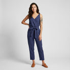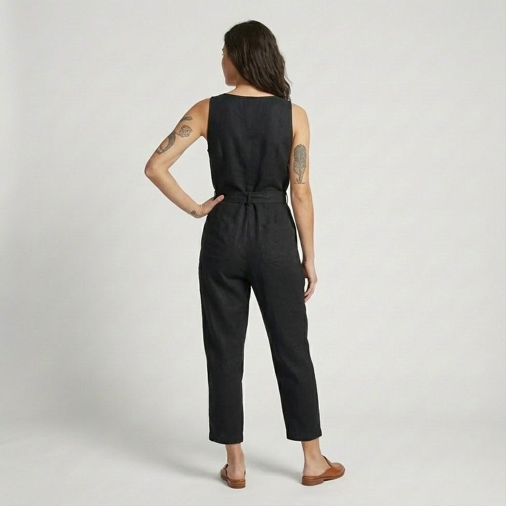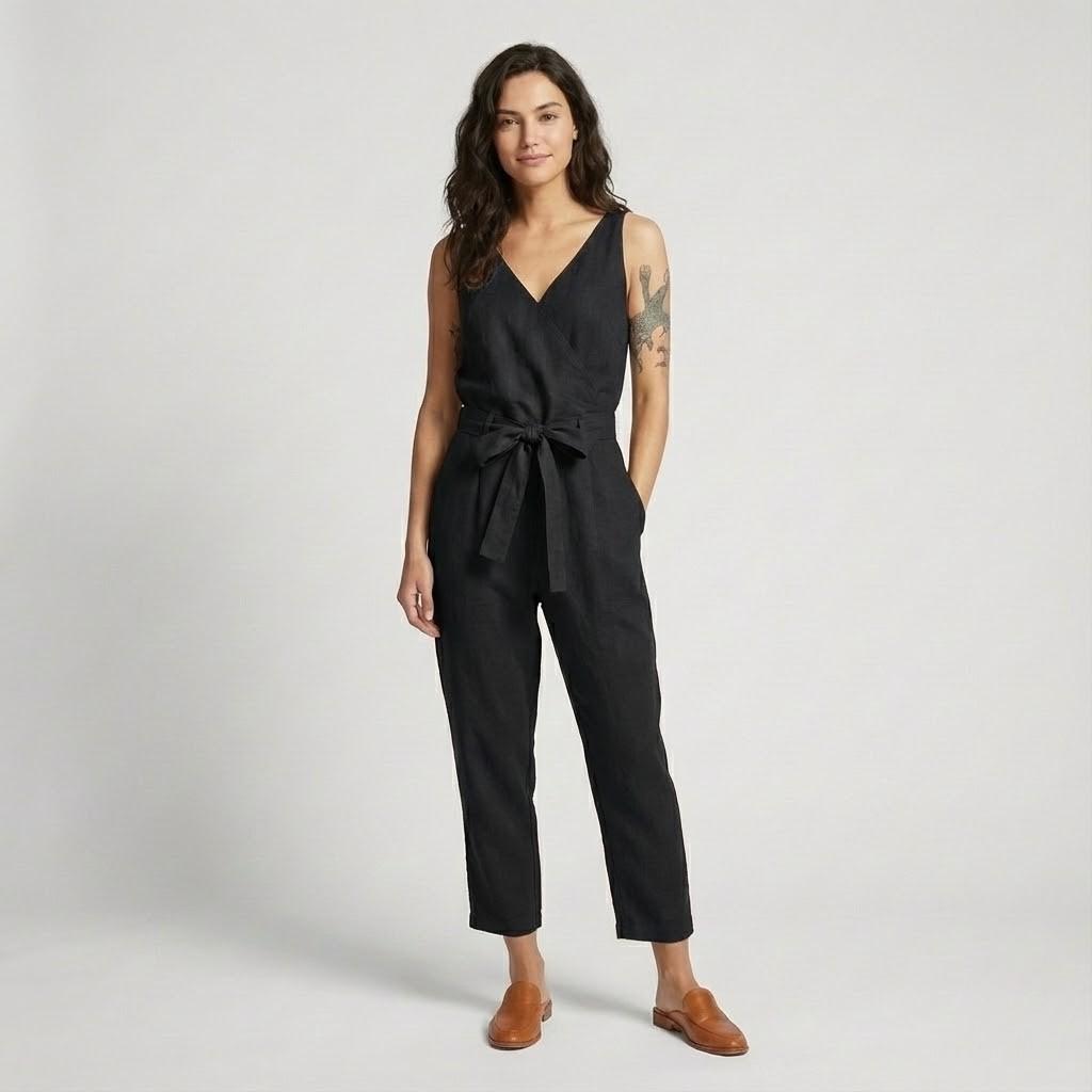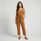Macacão fluido com cinto em mistura de viscose | Corte direito | Decote em V elegante
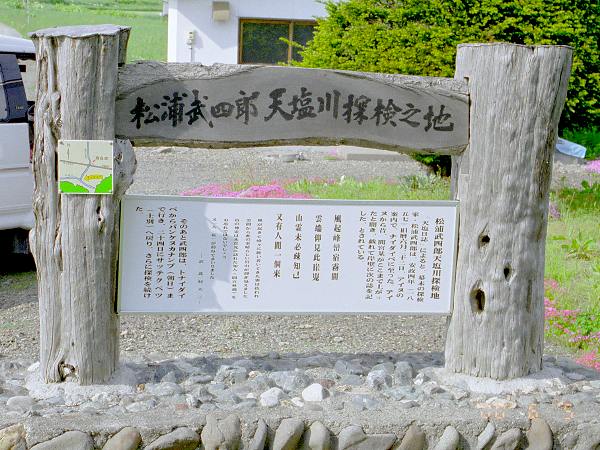 士別滝上線の西内大部川にかかる更生橋の間近に士別市郷土研究会が昭和42年に設置した「松浦武四郎天塩川探検之地」碑があるが、風化が進み題字部分は殆ど判読不能なので写真は新旧で掲載。松浦武四郎一行がサッテクベツから天塩川上流へ向かいナイタイベ(西内大部)で進退窮り、引き返すかどうか悩んでいたが、此処に偶然にもアエリテンカの妻がいて『大木が倒れているからそれを渉るように』と教えられ、ナイタイベより陸行で上流のペンケヌカナン迄行きそこから山に登って天塩岳をみたと「天塩日誌」に書いた。また山奥で偶然とはいえ妻と出会ったアエリテンカの喜ぶ様も天塩日記に残してしている。「丁巳日誌」によるとトナイタイベ(東内大部)川との合流部より5~600mほど上流側に進むもその先に進めず、現在のパンケ橋付近(当時の川とは変わっている)で引き返したようだ。トナイタイベ(東内大部)にて仮小屋に(6月21日)泊り翌日サッテクベツに戻る。以下は説明板より転載。「天塩日誌によると、幕末の探検家・松浦武四郎は安政4年(1857)旧暦6月22日、アイヌの案内でナイダイベに至った。アイヌから昔、間宮某がここまで上がったと聞き、戯れて岸壁に次の誌を記したとされている。 風起峰巒宿霧開 雲端仰見此崔嵬 山霊未必疎知己 又有人間一個来 風がおきて峰々纏い着いてきた霧は払われ 雲間から此の素晴らしい岩山が仰ぎ見えました 山の心霊は未だ先に訪れた知人(間宮林蔵)をお忘れではないでしょう 又一人(私)が訪ねてまいりました。訳 北村大三 そのあと武四郎はトナイダイベからパンケヌカナンプ(朝日)まで行き、24日にサッテクベツ(士別)に戻り、さらに探検を続けた。」脇道にそれるがナイダイベは蝶鮫の事らしいが松浦武四郎の記録で蝶鮫が出てくるのはシュボロ(名寄)迄だが蝶鮫がここまで上がったのだろうか?ここにも「天塩川歴史紀行」を設置予定とか。◇所在地:士別市上士別町25線 更生橋付近
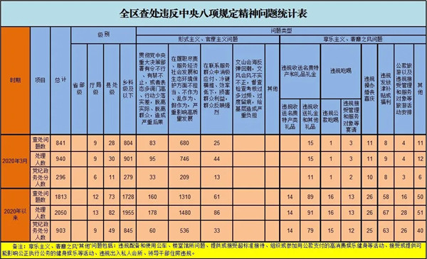 2020年3月,全疆查處違反中央八項規定精神問題841起,處理940人,其中黨紀政務處分296人。受黨紀政務處分的干部中,地廳級6人、縣處級11人、鄉科級及以下279人。
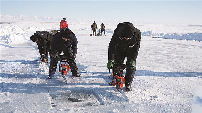 上午12时,随着油锯轰鸣声响起,采冰仪式正式启动。冰封的湖面上,受邀嘉宾与采冰工人共同见证“采头冰”这一承载吉祥寓意的时刻。项目总负责人张喜庆手持工具破冰启采,寓意“开冰纳福”,采冰工人们默契协作,把晶莹剔透的“头冰”缓缓移出水面,现场掌声与欢呼声交织。
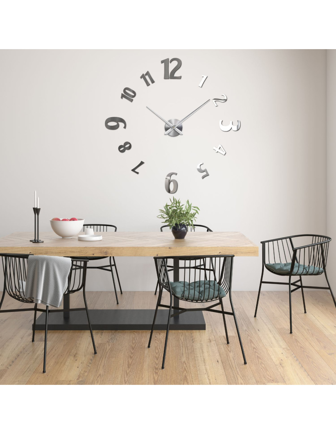 A nagyméretű, öntapadós órák vastag számokkal és fém középrésszel ideális megoldást jelentenek bármilyen modern belső térbe.
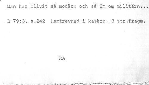 //// Man har blivit sa moaärn och sa öm om militärn*.. //// B 79:3, s*242 Hemtrevnad i kasärn. 3 str.fragm. //// RA ////
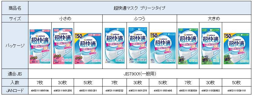 ユニ・チャーム株式会社(代表取締役 社長執行役員:高原豪久)は、マスク性能の目安である「日本産業規格「JIS T9001」の制定を受けて、『超快適マスク』及び『超立体マスク』にて、「JIS T9001」の適合審査を通過し、適合番号を取得しましたのでお知らせします。
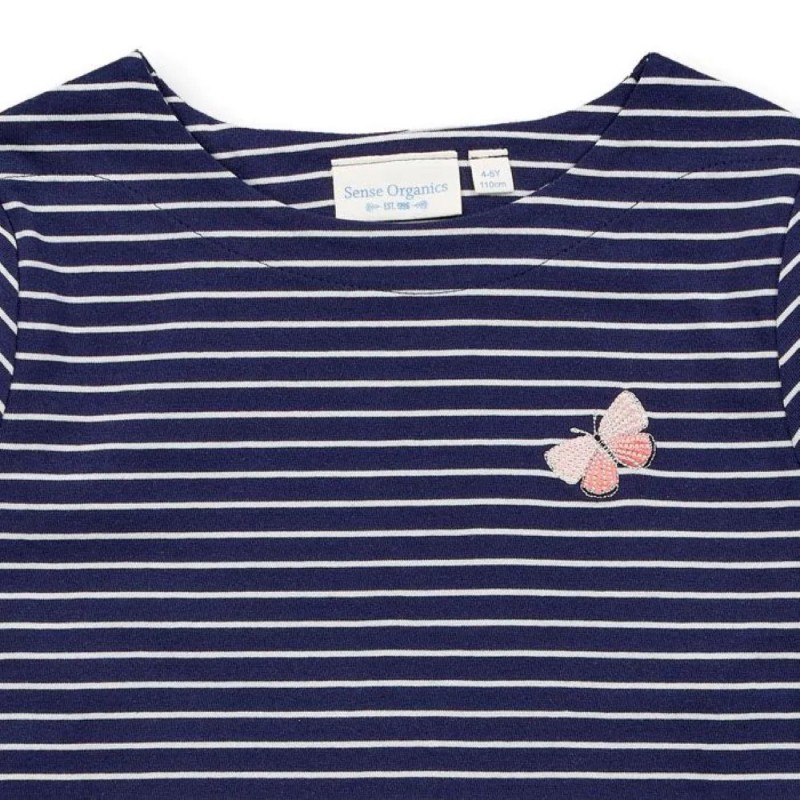 Schönes Shirt mit kleiner Schmetterlings-Stickerei und Streifen von Sense Organics.

=======

_WORK INSTRUCTION_. Set down word for word the lines above from the one with "2020年3月,全疆查處違反" up to and including the one with "上午12时,随着油锯轰鸣声响". Omit every picture.

_ANSWER AREA_.
 2020年3月,全疆查處違反中央八項規定精神問題841起,處理940人,其中黨紀政務處分296人。受黨紀政務處分的干部中,地廳級6人、縣處級11人、鄉科級及以下279人。
 上午12时,随着油锯轰鸣声响起,采冰仪式正式启动。冰封的湖面上,受邀嘉宾与采冰工人共同见证“采头冰”这一承载吉祥寓意的时刻。项目总负责人张喜庆手持工具破冰启采,寓意“开冰纳福”,采冰工人们默契协作,把晶莹剔透的“头冰”缓缓移出水面,现场掌声与欢呼声交织。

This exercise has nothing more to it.